Notes on: Iesha
Jackson, Doris L. Watson, Claytee D. White and
Marcia Gallo (2022) Research as (re)vision: laying
claim to oral history as a just-us
research methodology. INTERNATIONAL JOURNAL OF
RESEARCH & METHOD IN EDUCATION 2022, VOL. 45,
NO. 4, 330–342
https://doi.org/10.1080/1743727X.2022.2076827
Dave Harris
They wanted to do some oral history with three
Black and Latinx schoolteachers to see how they
navigated racial micro-aggressions and everyday
challenges, but their local IRB said it wasn't
proper research, despite oral history being
defended in the literature. The US generally deems
oral history not to be scholarly enough, so they
proceeded anyway, after critically reflecting on
what counts as research, which was taxing. They
'refused to accept' that their approach was
'somehow less worthy or rigourous' and began to
recreate an approach to research 'in community
(330)', reclaiming the power within their own
multiple identities which include Black Indigenous
People of Colour (BIPOC), women, queer and
scholars. They recalculated their own depth of
understanding of colonised Western research
practices that had rendered their knowledge as
inferior or invalid and in the process recaptured
what it is that they knew and had forgotten. That
new understanding formed the methodology of their
research.
They located themselves in the new complexity of
creative qualitative research, something
culturally informed and critical, challenging, and
reforming taken for granted norms. Researchers
could no longer be the primary instrument for data
collection, nor searching for patterns as the
primary tool for making meaning. They wanted to
include 'embracing the resonances of our souls'
(331), and align with indigenous traditions and
their abilities to create a community in which
they understood each other. They call this a 'just
– us' methodology.
They analyse indigenous roots of oral history and
revised conventional research methods. They drew
on Dillard and Bell to understand the process as
'"situated, sacred and spiritual work that happens
in multiple spaces and places where African
ascendants and other indigenous peoples find
ourselves"'. The vision and practice of such
research is healing and racially just.
Oral history is briefly reviewed, and much of it
lies outside of the IRB purview. It can be seen as
a 'co-optation of indigenous oral traditions'.

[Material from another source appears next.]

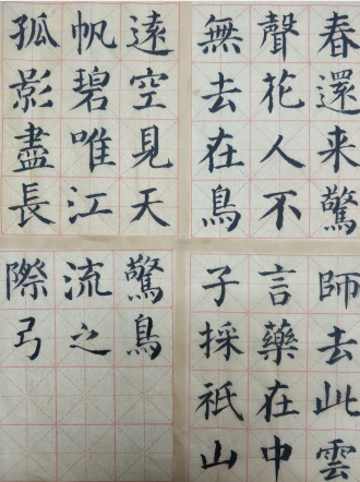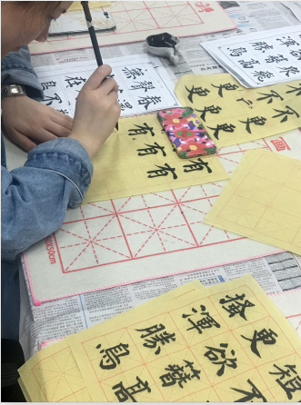在聆听徐老师介绍传统书法之后,同学们纷纷拿起毛笔开始临摹,在阵阵墨香中,走进书法世界。准备的字帖有楷书和篆书,因为大家基本都是初学者所以临摹的都是楷书,楷书章法的整体感是整齐,字的排列形式是字与字、行与行之间的等距,给人一稳定、庄重的视觉效果。点画是线条美,间架结构是局部的构图美,章法是整体构图美,方方正正的楷书,形体方正,笔画平直,可作楷模,故称“楷书”。

They want to reclaim storytelling in particular.
They summarise the different approaches in a nice
table [eventually]. There are differences of
ontology, epistemology and methodology.
Traditional oral history is usually divided into
usable versus useless oral history depending on
contribution to historical records based on
missing voices. Useless oral history is often one
in which the interviewer was unprepared and
therefore does not collect meaningful information
or where research is not designed to contribute to
the historical record. As a result it's usual to
outline essential purposes — to fill in the
historical record, understand people's experience
of historical events, contribute to the
understanding of specific topics, gain community
knowledge. Others have tried to tidy up oral
history by suggesting a division between the raw
materials like conducting and transcribing
interviews and classifying the products that
result. Still further commentaries discuss ways in
which narrative was studied and understood within
academic circles, say in terms of the academic
disciplines: sometimes this has challenged
colonial projects. There has been a decolonised
approach. Feminist scholars in particular have
challenged the validity of conventional oral
history and amplified the voices of females,
arguing that women should speak for themselves to
reveal their own realities. Indigenous methods do
the same, with an awareness that colonial and
epistemological hierarchies can be perpetuated,
and as an alternative, requiring '"intimate
reciprocal relations with storytellers and
community partners"' (333), or maintaining '"clear
and culturally specific responsibilities to the
collective"'. Additional requirements may also be
necessary to avoid whitewashing indigenous ways of
knowing. It may be important to produce work 'that
honours the collective even if it is rejected
within the Academy'.
It is common to find academic sources describing
oral traditions as prehistoric earlier endeavours
preceding proper academic oral history, such as
the work of African storytellers. As a result,
gestures, intonation and context are often omitted
in oral performances, together with traditional
elements as well as personal memories. 'The
concern with authenticity, accuracy and/or
validity of oral tradition… Is mediated by oral
history' or alternatively historical memory is
preserved to connect present generations to the
past, to 'allow communal knowledge to
proliferate'. Indigenous people might claim to
remember at need rather than being fixated '"on
elites and archives"'.
Oral history often has indigenous roots. Scholars
visiting places they did not originate from often
created 'for themselves a whitewashed version of
indigenous practices' (334). This is to be
contrasted with indigenous people who 'broadly…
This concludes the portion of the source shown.